Summary
The DiffeomorphicDemonsRegistrationFilter in SimpleITK is used for deformable registration, but it only returns the final displacement field. However, accessing the internal velocity/update field is crucial for certain applications. This article explores the root cause of this limitation and provides a solution to access the velocity field.
Root Cause
The DiffeomorphicDemonsRegistrationFilter uses a diffeomorphic formulation that computes the velocity field internally, but it is not directly accessible through the Execute() method. The main reasons for this are:
- The velocity field is used to compute the displacement field through an exponential map.
- The DiffeomorphicDemonsRegistrationFilter is designed to return the displacement field, which is the primary output of the registration process.
Why This Happens in Real Systems
In real-world systems, the velocity field is often required for:
- Computing deformation metrics, such as the Jacobian determinant.

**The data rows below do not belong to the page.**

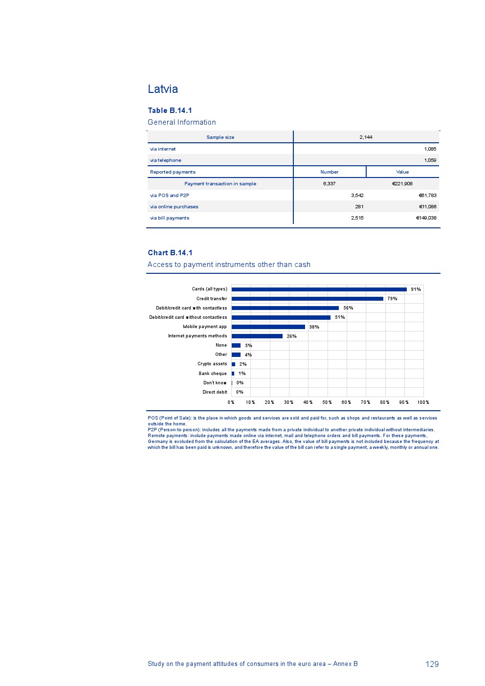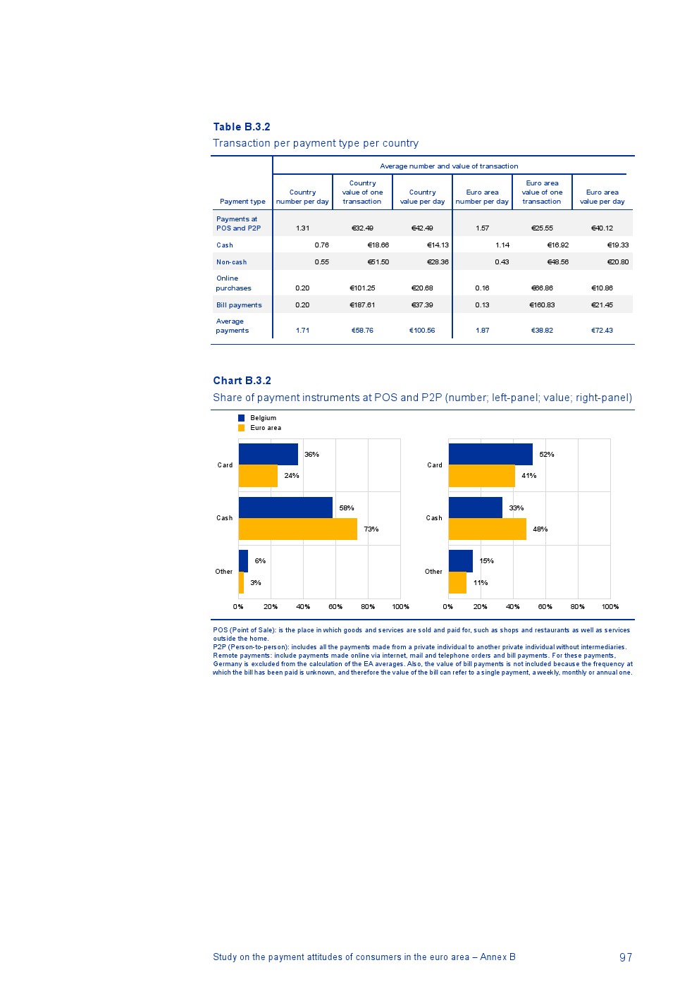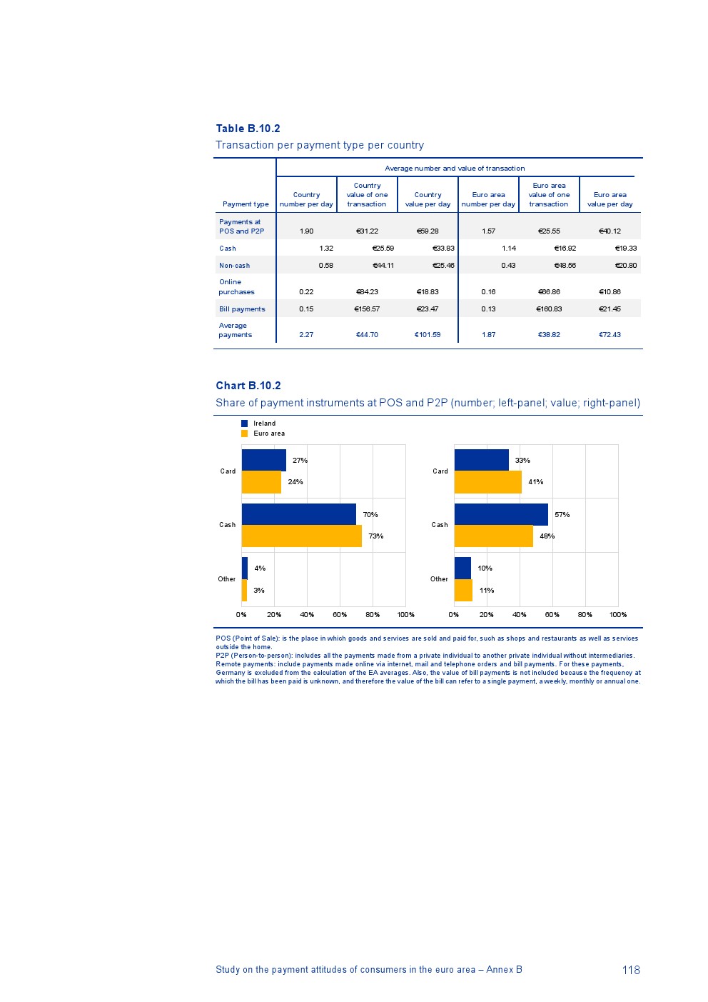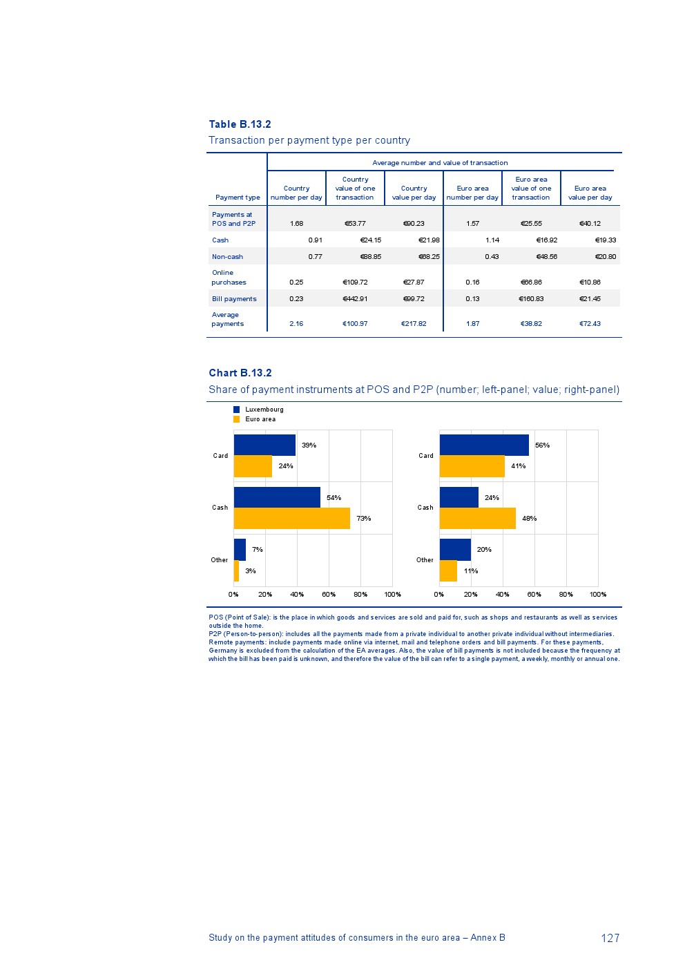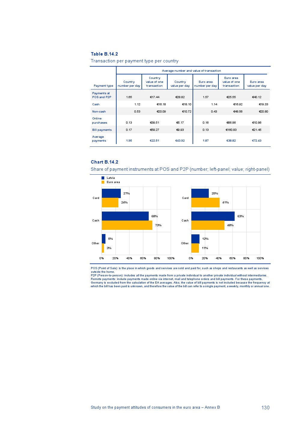 消费者主要使用现金进行销售点(POS)和个人对个人支付(P2P):73%的POS和P2P交易使用现金,27%使用非现金支付工具;按价值计算,现金交易占所有交易的48%,而信用卡交易占41%;信用卡是主要的非现金支付工具(24%);38%的卡交易使用非接触式技术;欧元区公民平均每天进行1.6笔POS和P2P交易,平均交易额为25.6欧元;48%的POS和P2P交易是在当地商店进行的日常零售购买,19%的POS和P2P交易是在餐馆、酒吧、咖啡馆和酒店进行的。4%的在线交易是用现金支付的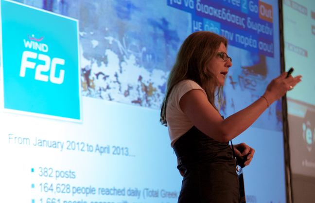Στην παρουσίασή της η Χριστίνα έδωσε χαρακτηριστικά παραδείγματα τρόπων αύξησης της αναγνωσιμότητας και engagement του κοινού με το brand μέσω της σωστής χρήσης των social media.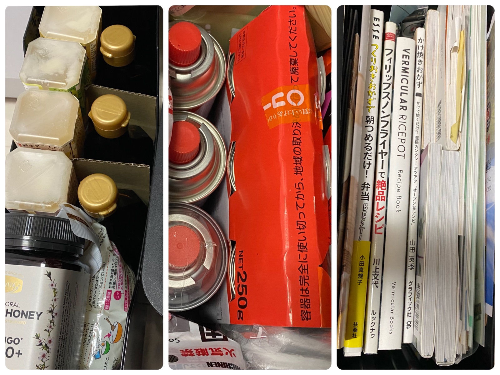 真ン中、奥にお米と同じケースには、カセットコンロのガスや固形燃料。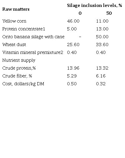 Elaboration of silage. Waste taro tubers and panela cane from two days post-harvest were used. The taro tubers and the panela cane were collected on the lands from Caicedo Agricultural Farm. Later, they were washed with drinking water for human consumption, drained for 10 min. and they were ground fresh with a mixed mill, with blades and a 2.0 cm sieve. For the formulation of the silage, chopped taro tubers (50 %), chopped cane (22 %), molasses (2 %), wheat dust (20 %), vitaminized pecutrin (0.5 %), calcium carbonate (0.5 %) and natural yogurt (5 %) were combined. Subsequently, a homogeneous mixture with all the ingredients was carried out on a flat concrete floor, covered with plastic, at room temperature. A part of this mixture was placed in plastic microsilos, with a capacity for 1 kg, and it was evaluated at 1, 4, 8, 15 and 30 d to carry out the respective laboratory analyzes. The mixture was deposited in dark plastic bags until the moment of use.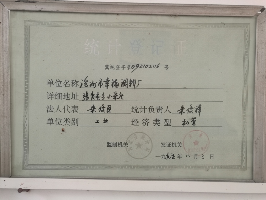 統計登記證 冀統登字第092102116號 單位名稱滄州市幸福調料廠 詳細地址張官屯鄉(xiāng)小朱莊 發(fā)證機關:滄縣統計局 監(jiān)制機關:河北省統計局 一九九五年八月三日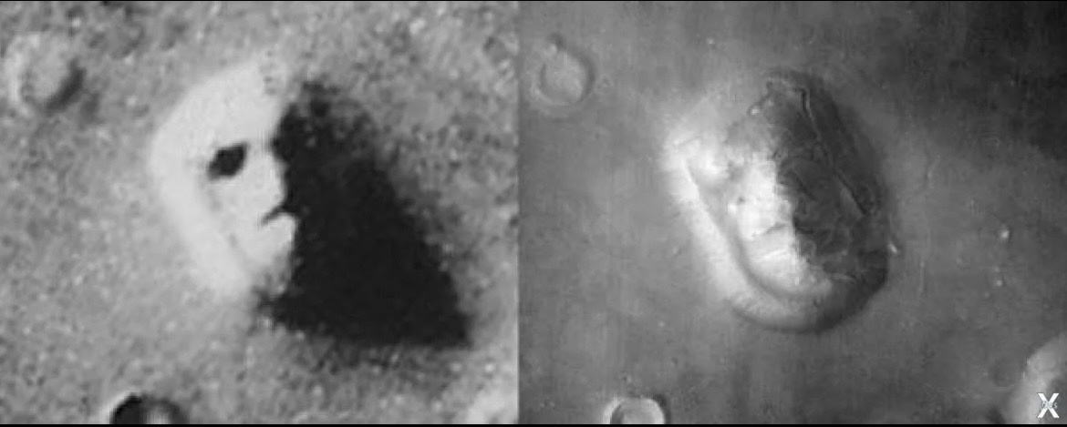 Марс — наш ближайший космический сосед и одна из самых изучаемых планет. Десятилетия его исследуют орбитальные аппараты, посадочные модули и роверы. Каждая новая миссия приносит тонны данных и тысячи изображений. И среди этого массива информации иногда встречаются снимки, которые заставляют ученых и энтузиастов почесать затылки. Что это — игра света и тени, причудливые скалы или следы чего-то большего? Давайте взглянем на самые известные «загадочные находки» на Марсе. 1. «Лицо на Марсе» — миф, породивший легенду Что было обнаружено: В 1976 году космический аппарат «Викинг-1» передал снимок региона Кидония, на котором был виден гигантский холм, удивительно похожий на человеческое лицо. Ажиотаж: Фотография мгновенно стала сенсацией. Заголовки газет кричали о марсианской цивилизации, оставившей нам послание, о сфинксе с Красной планеты. Это породило волну теорий о древних марсианах. Научное объяснение: Последующие миссии, особенно «Mars Global Surveyor» в 1998 и 2001 годах, сфотограф

- Analyzing the registration process, including the convergence of the algorithm.
- Visualizing the deformation, which can be useful for quality control and debugging.
Real-World Impact
The inability to access the velocity field can have significant impacts, including:
- Limited analysis capabilities, making it difficult to understand the registration process.
- Inaccurate deformation metrics, which can lead to incorrect conclusions.
- Reduced quality control, making it challenging to detect registration errors.
Example or Code
import SimpleITK as sitk
# Create a DiffeomorphicDemonsRegistrationFilter
demons = sitk.DiffeomorphicDemonsRegistrationFilter()
# Set the parameters
demons.SetNumberOfIterations(300)
demons.SetStandardDeviations(1.0)
demons.SetMaximumUpdateStepLength(2.5)
demons.SetSmoothDisplacementField(True)
demons.SetSmoothUpdateField(True)
# Execute the registration
displacement_field = demons.Execute(fixed_image, moving_image)
# To access the velocity field, you can use the GetUpdateField() method
# However, this method is not available in the DiffeomorphicDemonsRegistrationFilter
# One possible solution is to use the DemonsRegistrationFilter instead
demons = sitk.DemonsRegistrationFilter()
demons.SetNumberOfIterations(300)
demons.SetStandardDeviations(1.0)
demons.SetMaximumUpdateStepLength(2.5)
demons.SetSmoothDisplacementField(True)
demons.SetSmoothUpdateField(True)
# Execute the registration
displacement_field = demons.Execute(fixed_image, moving_image)
# Get the update field (velocity field)
update_field = demons.GetUpdateField()
How Senior Engineers Fix It
Senior engineers can fix this issue by:
- Using alternative registration filters, such as the DemonsRegistrationFilter, which provides access to the update field.
- Implementing custom registration algorithms, which can provide more control over the registration process and access to internal fields.
- Using other libraries or frameworks, such as ITK or scikit-image, which may provide more flexibility and access to internal fields.
Why Juniors Miss It
Junior engineers may miss this issue because:
- Lack of experience with registration algorithms and their internal workings.
- Insufficient understanding of the diffeomorphic formulation and its requirements.
- Overreliance on high-level APIs, which may not provide access to internal fields or parameters.